### Dataset content
************

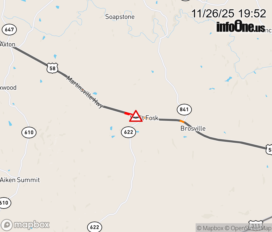 On US-58 East in the County of Pittsylvania, in the vicinity of Cascade Rd; Rt. 622N/S (Pittsylvania County), motorists can expect delays due to a vehicle crash. Lane closures exist. ![]() |
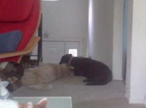 It is the same in my house. 🙂 They wait at the top of the stairs at certain times of day. LOL Oh and Delilah always goes first down the stairs. 🙂
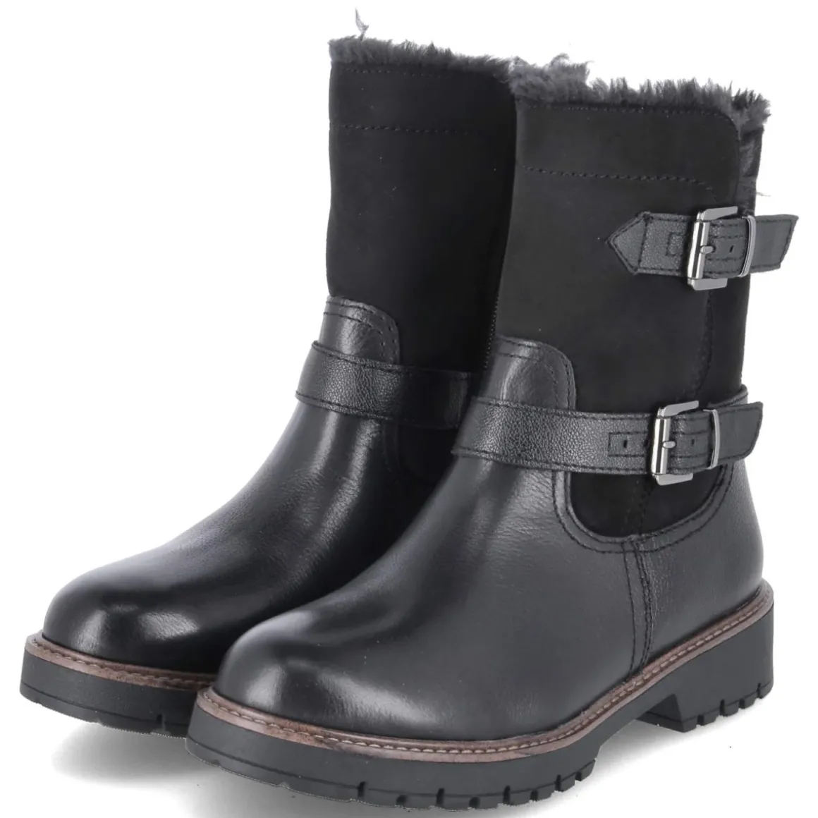 Die Tamaris Winterstiefeletten setzen auf einen modernen Material-Mix aus Synthetik, Leder und Textil und kommen in zeitlosem Schwarz. Das warme Futter umschließt den Fuß angenehm, unterstützt von einer weichen, textilen Decksohle. Ein komfortabler Reißverschluss ermöglicht den schnellen Einstieg, während zwei verstellbare Riemen am samtig-weichen Schaft für individuellen Halt sorgen. Die verstärkte Ferse und die flexible, rutschfeste Profilsohle geben Sicherheit auf glatten Wegen. Mit rund gearbeiteter Spitze, normaler Passform und 4 cm hohem Blockabsatz bleibt der Look feminin und zugleich alltagstauglich. Der Schaft misst ca. 17 cm in der Höhe bei ca. 30 cm Umfang. Modetipp: Besonders stimmig wirkt das Modell zu einer gestrickten Midi-Rippe, dicker Strumpfhose und Wollmantel; für lässige Tage punkten gekrempelte Straight-Jeans und ein voluminöser Steppparka.

************

### Task instructions
Without including any picture, repeat the data exactly.

### Result
 On US-58 East in the County of Pittsylvania, in the vicinity of Cascade Rd; Rt. 622N/S (Pittsylvania County), motorists can expect delays due to a vehicle crash. Lane closures exist. ![]() |
 It is the same in my house. 🙂 They wait at the top of the stairs at certain times of day. LOL Oh and Delilah always goes first down the stairs. 🙂
 Die Tamaris Winterstiefeletten setzen auf einen modernen Material-Mix aus Synthetik, Leder und Textil und kommen in zeitlosem Schwarz. Das warme Futter umschließt den Fuß angenehm, unterstützt von einer weichen, textilen Decksohle. Ein komfortabler Reißverschluss ermöglicht den schnellen Einstieg, während zwei verstellbare Riemen am samtig-weichen Schaft für individuellen Halt sorgen. Die verstärkte Ferse und die flexible, rutschfeste Profilsohle geben Sicherheit auf glatten Wegen. Mit rund gearbeiteter Spitze, normaler Passform und 4 cm hohem Blockabsatz bleibt der Look feminin und zugleich alltagstauglich. Der Schaft misst ca. 17 cm in der Höhe bei ca. 30 cm Umfang. Modetipp: Besonders stimmig wirkt das Modell zu einer gestrickten Midi-Rippe, dicker Strumpfhose und Wollmantel; für lässige Tage punkten gekrempelte Straight-Jeans und ein voluminöser Steppparka.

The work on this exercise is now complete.